The importance of a feature $X_m$ is determined by its Mean Decrease in Impurity (MDI) across all trees $t$ in the forest:
$$ \text{Importance}(X_m) = \frac{1}{N_T} \sum_{t} \sum_{v \in S_{X_m}} \frac{N_v}{N} \Delta i(v, t) $$
Why this guarantees a better outcome: Where $\Delta i(v, t)$ is the impurity decrease at node $v$ split by $X_m$. The lowest-ranked features are recursively eliminated, and the model is continuously retrained. This prevents "masking" effects where a feature looks weak initially but is highly predictive when combined with another.

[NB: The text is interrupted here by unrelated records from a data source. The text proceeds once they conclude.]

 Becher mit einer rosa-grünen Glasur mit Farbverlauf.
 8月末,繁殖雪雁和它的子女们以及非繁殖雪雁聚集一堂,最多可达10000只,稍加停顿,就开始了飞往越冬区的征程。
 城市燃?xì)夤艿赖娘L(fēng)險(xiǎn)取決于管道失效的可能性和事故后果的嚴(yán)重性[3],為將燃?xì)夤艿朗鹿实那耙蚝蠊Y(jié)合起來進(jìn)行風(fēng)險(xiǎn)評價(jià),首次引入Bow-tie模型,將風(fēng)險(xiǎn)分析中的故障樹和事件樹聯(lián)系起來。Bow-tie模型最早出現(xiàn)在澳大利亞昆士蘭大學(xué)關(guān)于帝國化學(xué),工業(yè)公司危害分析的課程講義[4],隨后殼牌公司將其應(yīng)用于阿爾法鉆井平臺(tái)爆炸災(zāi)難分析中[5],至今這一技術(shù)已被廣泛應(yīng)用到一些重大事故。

By the time the algorithm stops, the remaining dataset is mathematically proven to be the most concentrated, non-redundant, and highly predictive feature set possible.
Installation
(Note: Package is currently in pre-release development phase)
pip install feature-engine-pro
Quick Start Guide
The entire framework can be instantiated and run with a few lines of code.
import pandas as pd
from feature_engine_pro.engine import FeatureEngine
from sklearn.model_selection import train_test_split
# 1. Load Data
df = pd.read_csv("high_dimensional_data.csv")

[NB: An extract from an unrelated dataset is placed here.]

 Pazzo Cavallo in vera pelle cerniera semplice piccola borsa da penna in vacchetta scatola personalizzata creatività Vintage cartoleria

X = df.drop(columns=["target"])
y = df["target"]
# 2. Split Data (Crucial for preventing data leakage)
X_train, X_test, y_train, y_test = train_test_split(X, y, test_size=0.2, random_state=42)
# 3. Initialize Feature Engine
engine = FeatureEngine(
target_column="target",
problem_type="classification",
variance_threshold=0.01,
correlation_threshold=0.85,
mi_threshold=0.01,
rfe_n_features=25
)
# 4. Fit the pipeline to training data
engine.fit(X_train, y_train)
# 5. Transform both train and test sets
X_train_clean = engine.transform(X_train)
X_test_clean = engine.transform(X_test)
# 6. Generate the Audit Report
engine.generate_report(filepath="feature_audit_report.html")
Advanced Usage: GridSearchCV
Because FeatureEngine inherits from BaseEstimator and TransformerMixin, it natively supports hyperparameter tuning to find the optimal mathematical thresholds for your specific dataset.
from sklearn.pipeline import Pipeline
from sklearn.model_selection import GridSearchCV
from sklearn.ensemble import GradientBoostingClassifier
pipeline = Pipeline([
('feature_engine', FeatureEngine(problem_type='classification')),
('classifier', GradientBoostingClassifier())
])
param_grid = {
'feature_engine__correlation_threshold': [0.75, 0.85, 0.95],
'feature_engine__mi_threshold': [0.01, 0.05],
'classifier__learning_rate': [0.01, 0.1]
}
grid_search = GridSearchCV(pipeline, param_grid, cv=5)
grid_search.fit(X_train, y_train)
The Audit Report
Calling .generate_report("report.html") produces a standalone HTML document containing:
- A summary count of features kept vs. dropped.
- A visual Bar Chart Funnel illustrating the reduction at each pipeline stage.
- A pre-filtering Correlation Heatmap to visualize dataset collinearity.
- A comprehensive Tabular Audit Trail detailing the exact mathematical reason a specific column was eliminated (e.g., "[CorrelationSelector] Dropped: Correlated 0.92 with feature_X. Kept feature_X because it has higher correlation to target.").
Contributing
Contributions to mathematical optimization, expanding the suite of transformers, or improving computational efficiency for massive datasets are welcome. Please ensure all pull requests maintain Scikit-Learn compatibility and do not introduce data leakage.